From: David Latapie <david@empyree.org>
Date: Mon, 23 Oct 2006 17:18:44 +0200
Message-Id: <0FD667D1-6218-4682-8F9E-61B1F2102B2C@empyree.org>
Cc: "www-html-editor" <www-html-editor@w3.org>
To: ryan@rjbsoftware.co.uk

Hi Ryan,

Le 23 oct. 06 à 15:04, Ryan J. Bury a écrit :

>    True, for many cases - however, in the two extra examples I gave  
> (numbered 1 & 2 in my original email to the list), I think there is  
> sufficient difference in meaning.  But if the official  
> recommendation given were to be to use the "cite" tag for these  
> cases, I would be completely happy to do so - just so long as I'm  
> sure that the issue has been at least considered.

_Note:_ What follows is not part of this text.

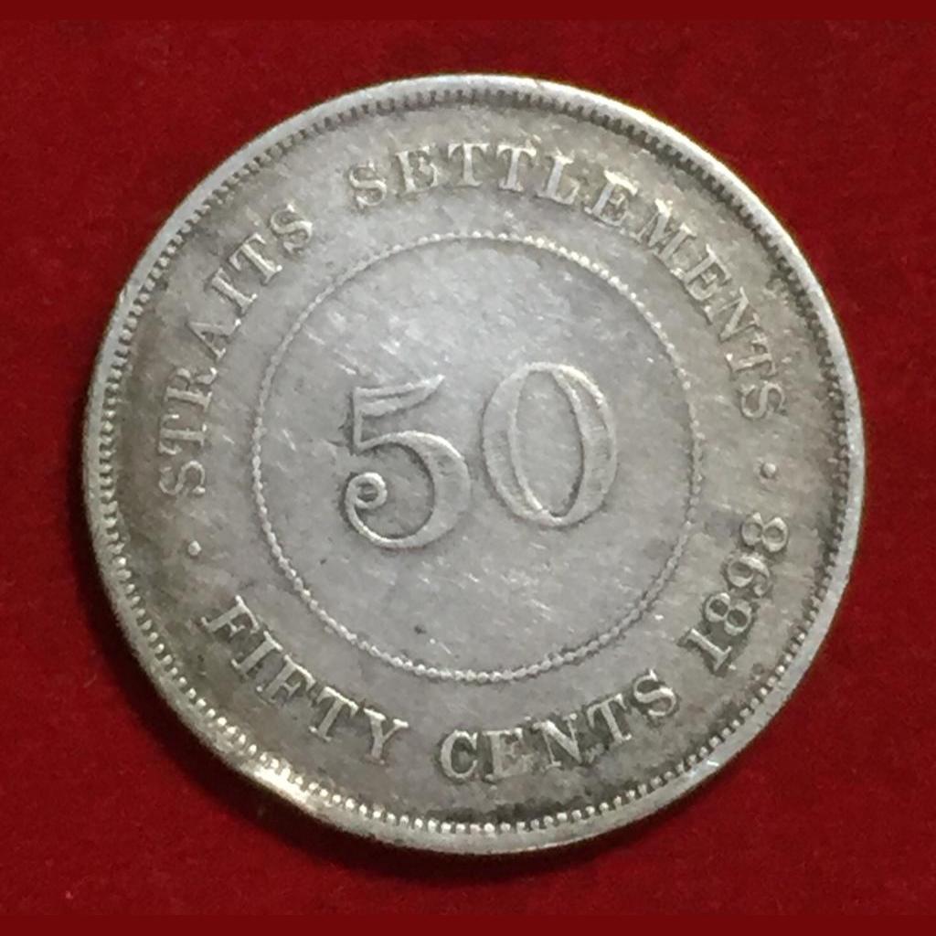 1898 Straits Settlement , British malaysia 50 cent Victoria Silver Very Rare Coin # o-2

For me too, cite is a bit blurry. The way I understood it, it is used  
as a remplacement for HTML3.0’s AUTHOR, not for citing a work— 
contrary to what the common font-style:italic default presentation  
may imply.

>   Part of the elegance (as I see it) of XHTML2 is that each markup  
> tag is very specific in its meaning, and so when using it, I would  
> much prefer to know for sure that the tag I am using will always be  
> interpreted correctly by readers.

I read a lot of “please, don't make XHTML2 a new DocBook”. I know  
DocBook only by name, though. I am neither positive nor negative on  
this question.

>> (for CSS, see lang:not(en)	{font-style:italic} with some upgrades
>> that I suggested some weeks ago, like xml:lang with CSS, :not
>> (current_language) and font-style:reverse)
>    This is a actually a use of the CSS "lang" class I had not  
> considered at all, and does in fact completely solve that problem -  
> thank you for bringing it to my attention!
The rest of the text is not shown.